USP ‹1111› "Microbial Quality": a new compendial consideration of "other organisms"
Chapter ‹1111› "Microbial Examination of Nonsterile Products: Acceptance Criteria for Pharmaceutical Preparations and Substances
for Pharmaceutical Use" is a relatively short section that has a significant impact. For the US reader, the allowance for
twice the specification in observed results is significant. But, this is not the major change.
Table IIIb: Absence of specified microorganisms.
Before the introduction of the harmonized Chapter ‹1111›, USP was only interested in specified organisms. These organisms are specified in monographs. But, FDA has been concerned about
objectionable organisms. The "Control of Microbiological Contamination (a)" section of 21 CFR 211.113 states, "Appropriate written procedures, designed to prevent objectionable microorganisms on drug products not required
to be sterile, shall be established and followed." This is reinforced by 21 CFR 211.165 which states in the section "Testing and release for distribution... (b) There shall be appropriate laboratory testing,
as necessary, of each batch of drug product required to be free of objectionable microorganisms."

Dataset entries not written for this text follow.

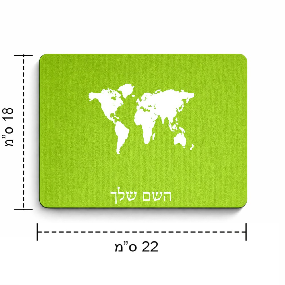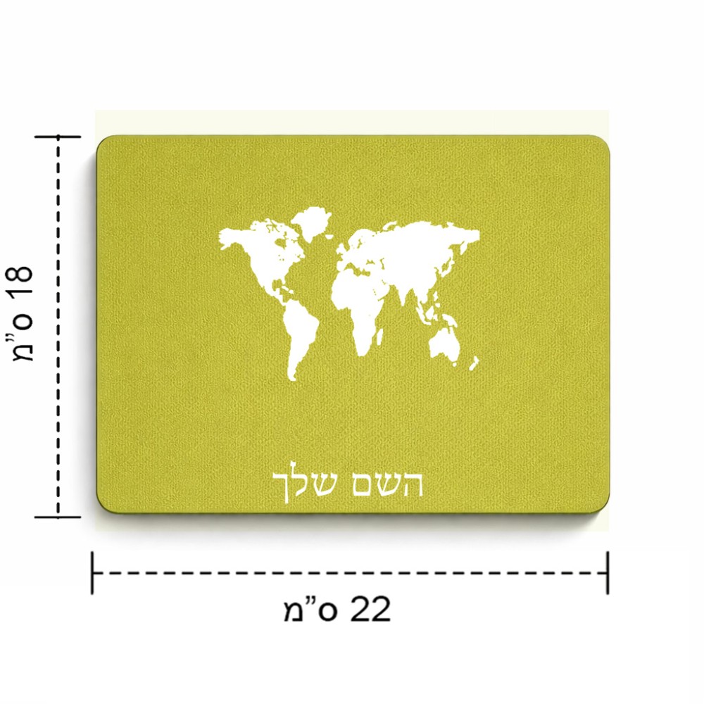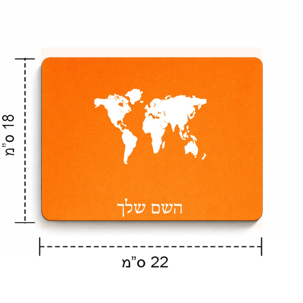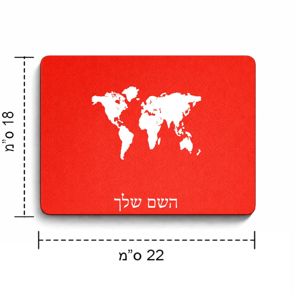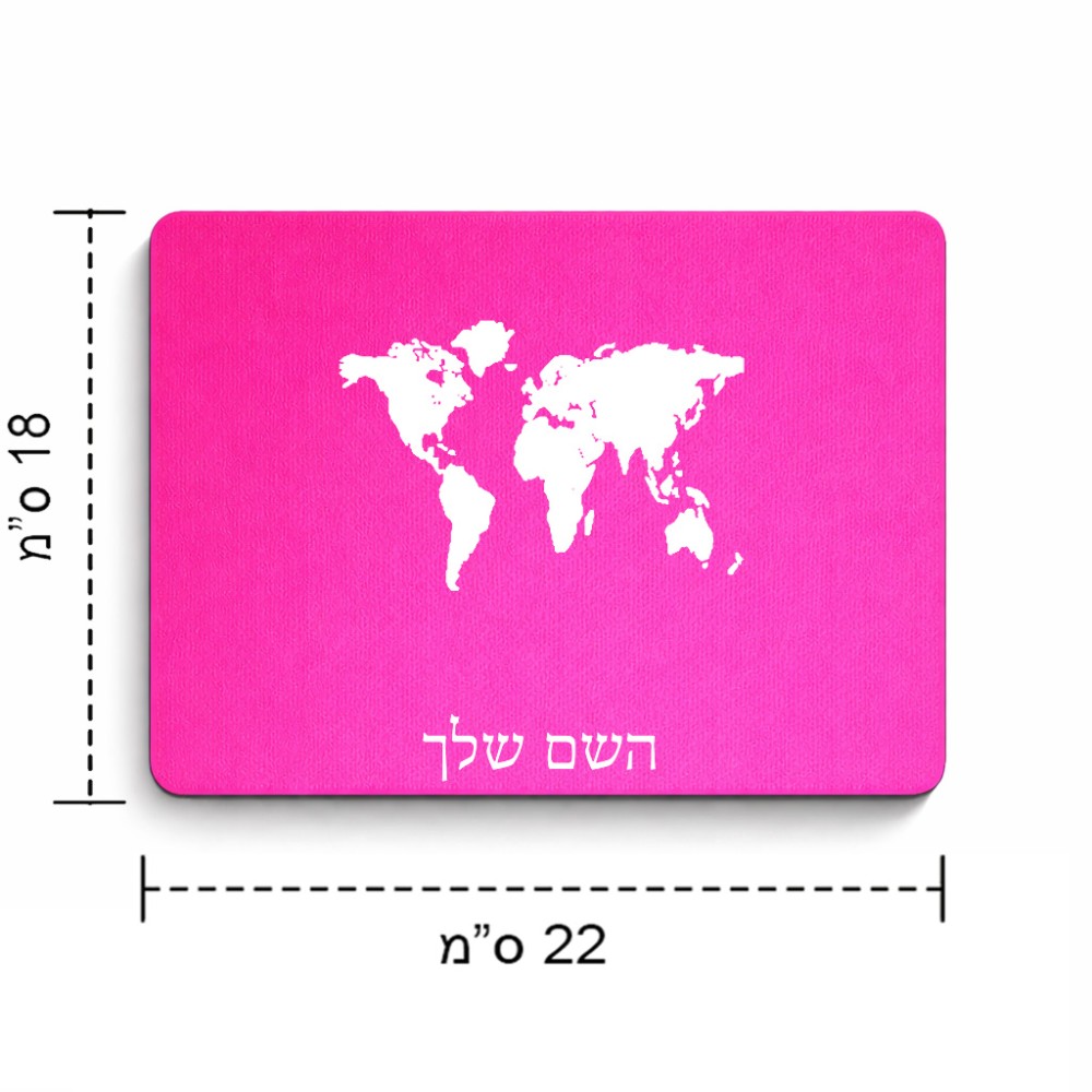 פד לעכבר בעיצוב אישי עם השם שלך בעיצוב מפת העולם גודל הפד 22 × 18 ס"מ. את השם המבוקש ניתן לציין בהזמנה, אם לא צויין אנחנו ניצור קשר לבירור.
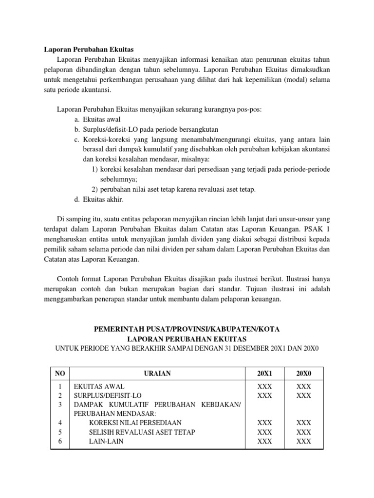 6 Contoh Format Laporan Perubahan Ekuitas Pemerintah Pusat
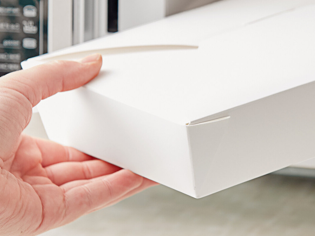 • Made out of SBS paperboard with a classic, white exterior
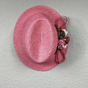 Giovannio Florence New York Pink Straw Floral Hat Spring Summer Church Derby
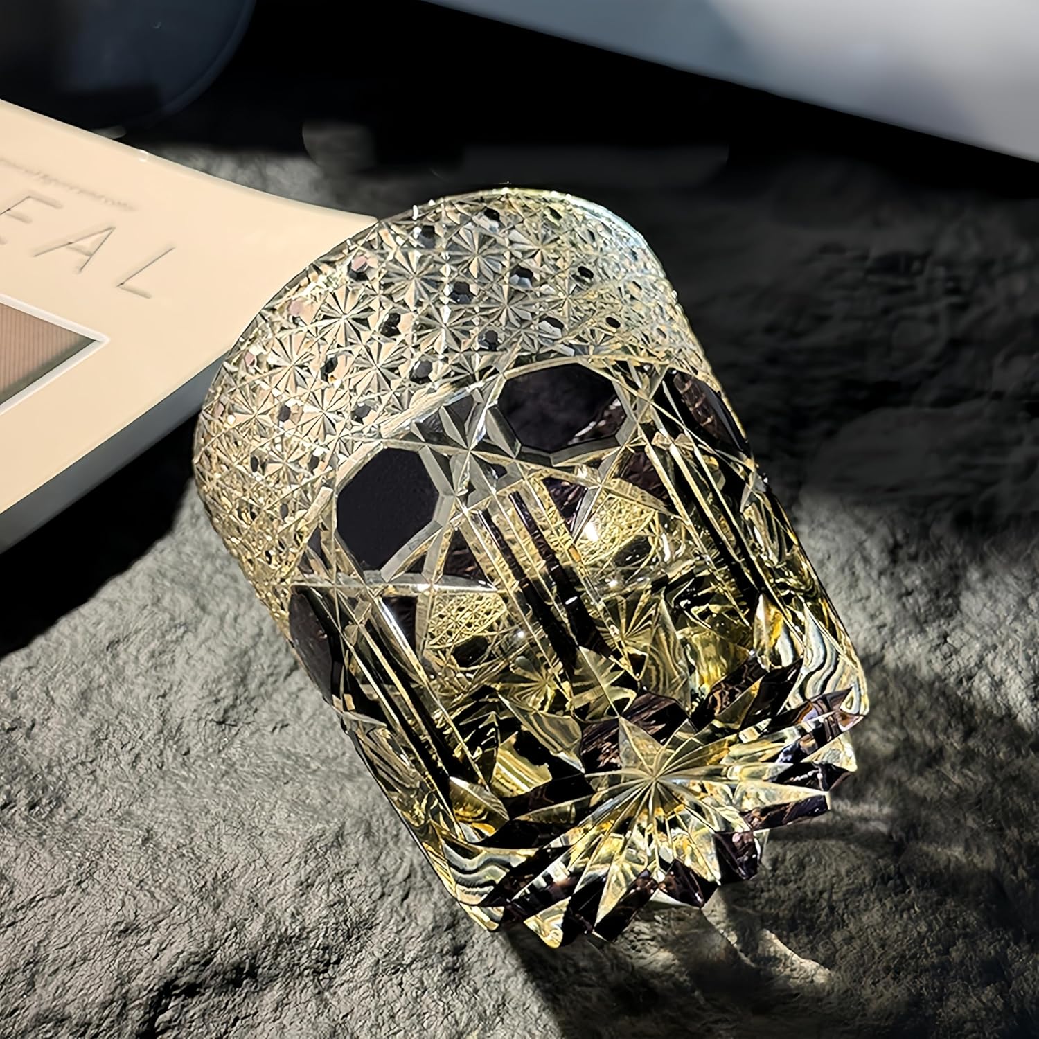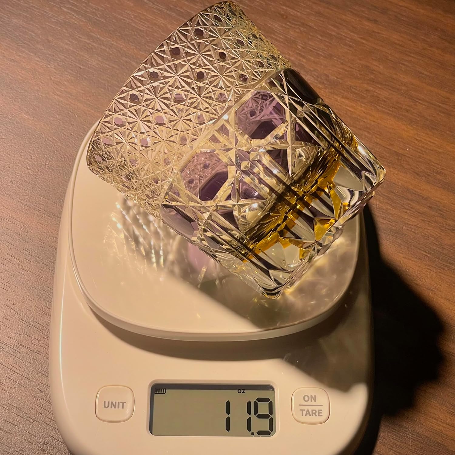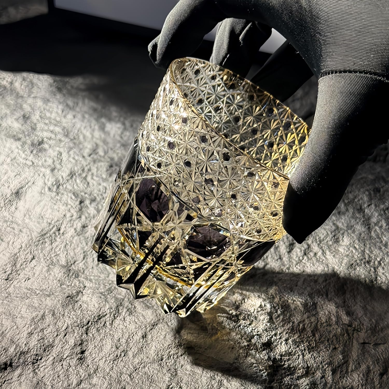 Elevate your drinking experience with this exquisite Edo-style hand-cut crystal glass tumbler. This 11-ounce masterpiece showcases intricate diamond patterns and geometric designs that catch and reflect light beautifully, featuring a stunning combination of clear crystal with elegant blue accents. The sophisticated cut-glass pattern pays homage to traditional Japanese craftsmanship while maintaining contemporary appeal. Perfect for serving whiskey, cocktails, vodka, or beer, this versatile tumbler offers both style and functionality. The substantial weight and premium crystal construction provide a luxurious feel in hand, while the carefully crafted details make each sip a memorable experience. Each glass comes presented in a luxury gift box, making it an ideal choice for special occasions or as a thoughtful present for spirits enthusiasts. The classic design seamlessly blends with both modern and traditional décor, making it a timeless addition to any glassware collection. Hand washing is recommended to preserve the crystal's brilliant clarity and intricate detailing.
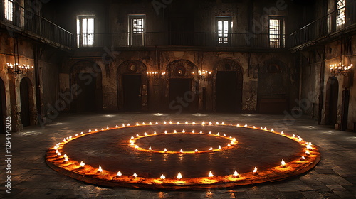 Obraz premium Ring of fire surrounded by dimly lit, weathered walls in an eerie, abandoned...
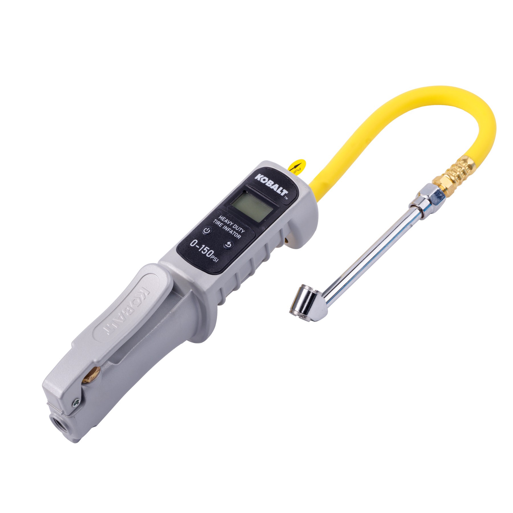 Pressure Range: 0-150 PSI. Hybrid air hose with 360° swivel and dual foot chuck. Large backlit screen with battery indicator powered by 2-AAA batteries (included). Auto on/off feature - turns on when …
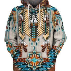 Native American Pattern Brown Grey 3D Hoodie
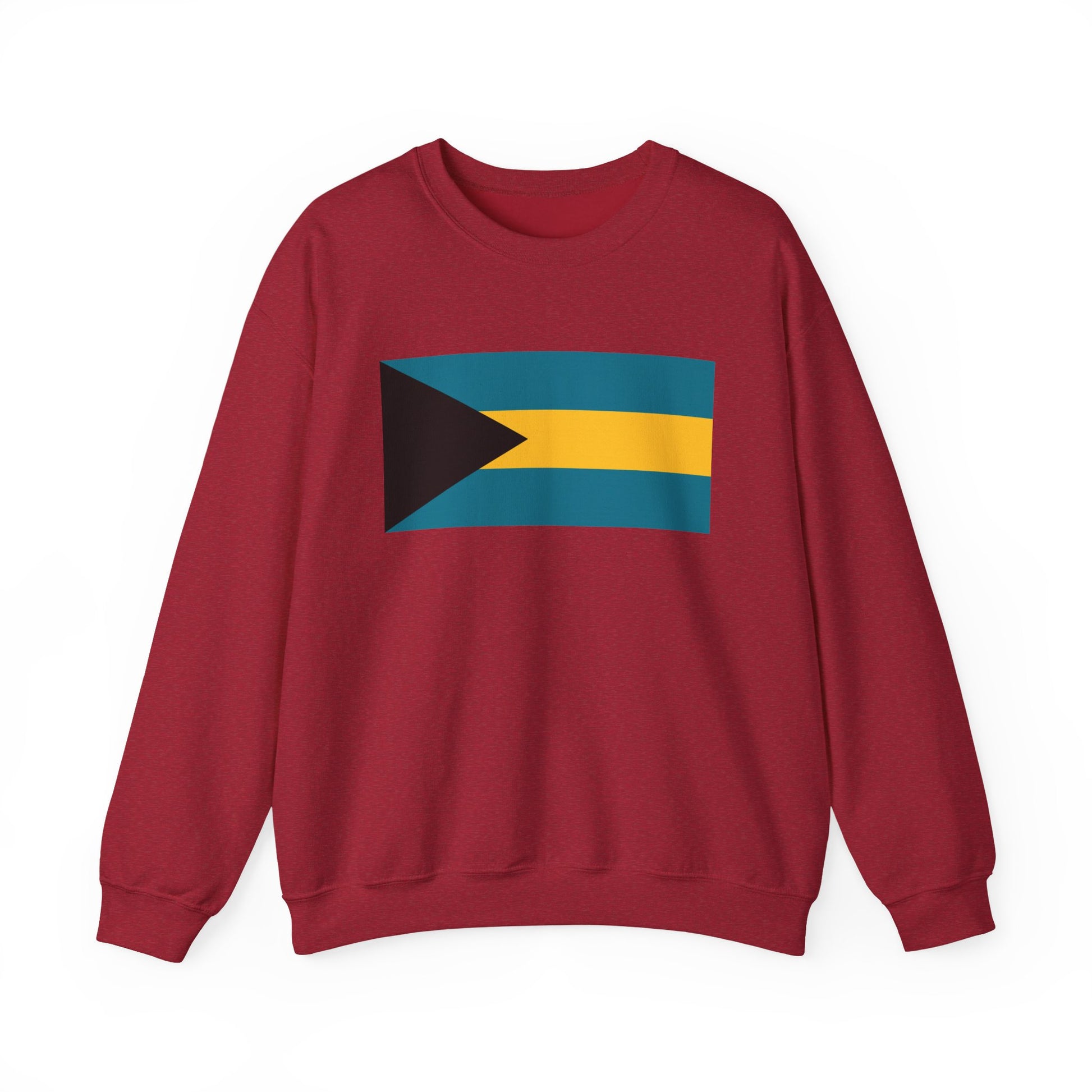 The Bahamas flag is full of meaning. The aquamarine stripes symbolize the surrounding sea, gold represents the sun and sandy beaches, and the black triangle stands for the strength and determination of the people. Wearing this sweatshirt lets you carry the essence of The Bahamas with you in comfort and style.
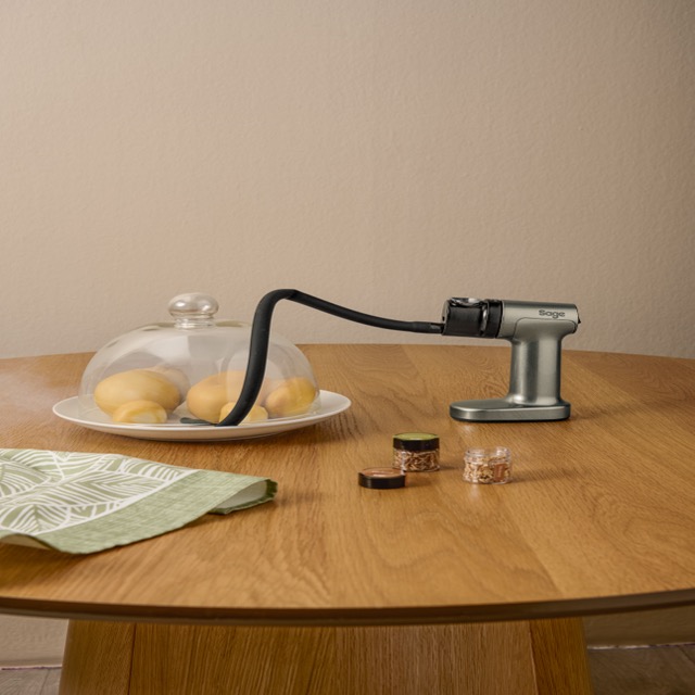 La Smoking Gun di Sage ti consente di regalare facilmente a cibo e bevande il tradizionale aroma affumicato, comodamente a casa tua. Utilizza un sistema di affumicatura a freddo leggero, che consente di affumicare anche alimenti delicati come gelati, burro o cocktail. Se cerchi un sapore più deciso, il controllo a due velocità della Smoking Gun consente di passare da un fumo delicato a uno intenso. La robusta base della Smoking Gun fornisce una piattaforma stabile e sicura che la mantiene in posizione durante l'uso.
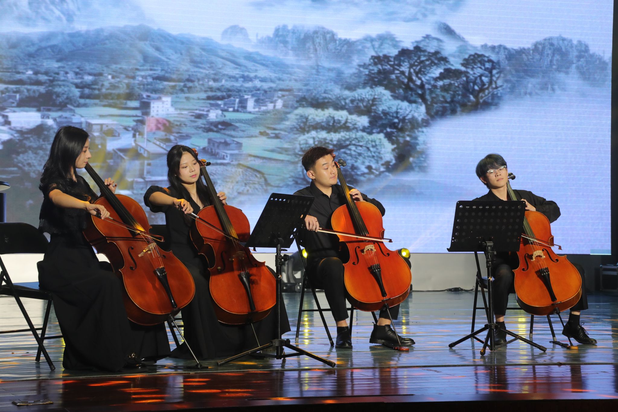 作为活动的重要组成部分,ok138cn太阳集团529师生为现场嘉宾观众以及全省在线收看活动直播的十余所高校师生奉献了三个艺术性、感染力十足的文艺表演。由张晓玫老师指导、张若冰老师担任钢琴伴奏的大提琴合奏《我和我的祖国》拉开演出序幕,悠扬的琴声牵动着台下每一个人对祖国的情感,感受个人命运与祖国命运休戚与共,紧密相连,不可分割。祖国是大海,而我们都是大海中的浪花一朵,“每当大海在微笑,我就是笑的旋涡。我分担着海的忧愁,分享海的欢乐”。
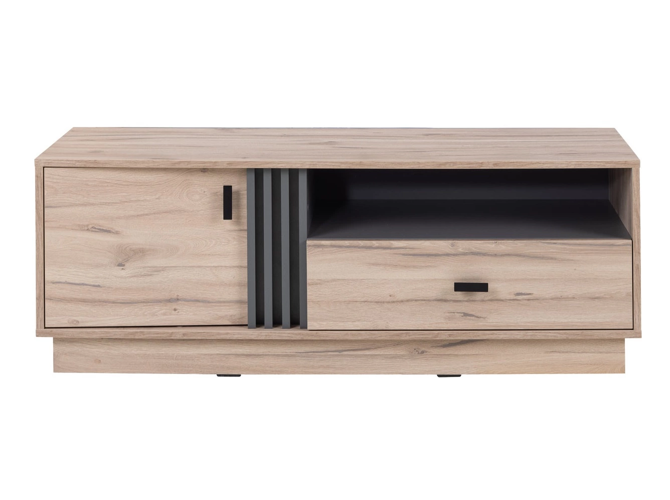 Police ve skříni RTV je skvělým místem pro váš televizor nebo herní konzoli. Záruky na nábytek Estan pohodlné a bezproblémové používání a odolnost celé nástěnné jednotky pro dlouholeté používání. Teplé dubové zbarvení dodává místnosti lehkou a útulnou atmosféru, díky kterému se nábytek Estan dokonale zkontrolujte lze použít jako nástěnnou skříňku do obývacího pokoje nebo jako nástěnnou skříňku do obývacího pokoje.
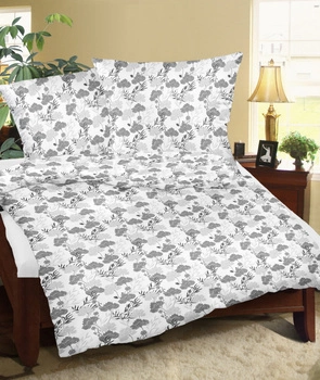 Pościel z kory 200x220 + poszewki na poduszkę 2*70x80 | 219szary | szara | kwiaty
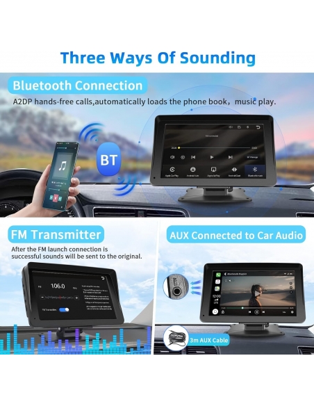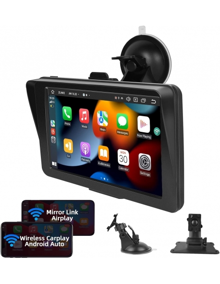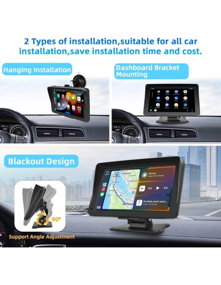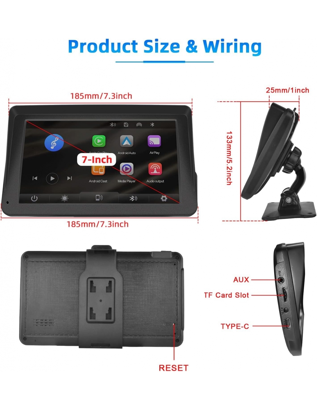 - [Installazione Semplice e Risparmio sui Costi] - Il kit include una staffa verticale e una staffa a ventosa, la radio Carplay da 7 pollici può essere fissata sul cruscotto utilizzando la staffa verticale o fissata sul parabrezza con una forte ventosa, plug and play, così puoi risparmiare tempo e costi di installazione.

Table IIIc: Absence of specified microorganisms.
Thus, industry has had a problem. The USP monograph for a product (as provided in the current National Formulary [NF]) may require the "Absence of Pseudomonas aeruginosa." A test in the "Microbial Limits" chapter demonstrates the absence of P. aeruginosa. Although this test may be needed to demonstrate compliance with the monograph requirements laid out in the National Formulary, it does not meet FDA's concern that all microorganisms in a nonsterile product should be acceptable to the product and the
target population (i.e., are not "objectionable").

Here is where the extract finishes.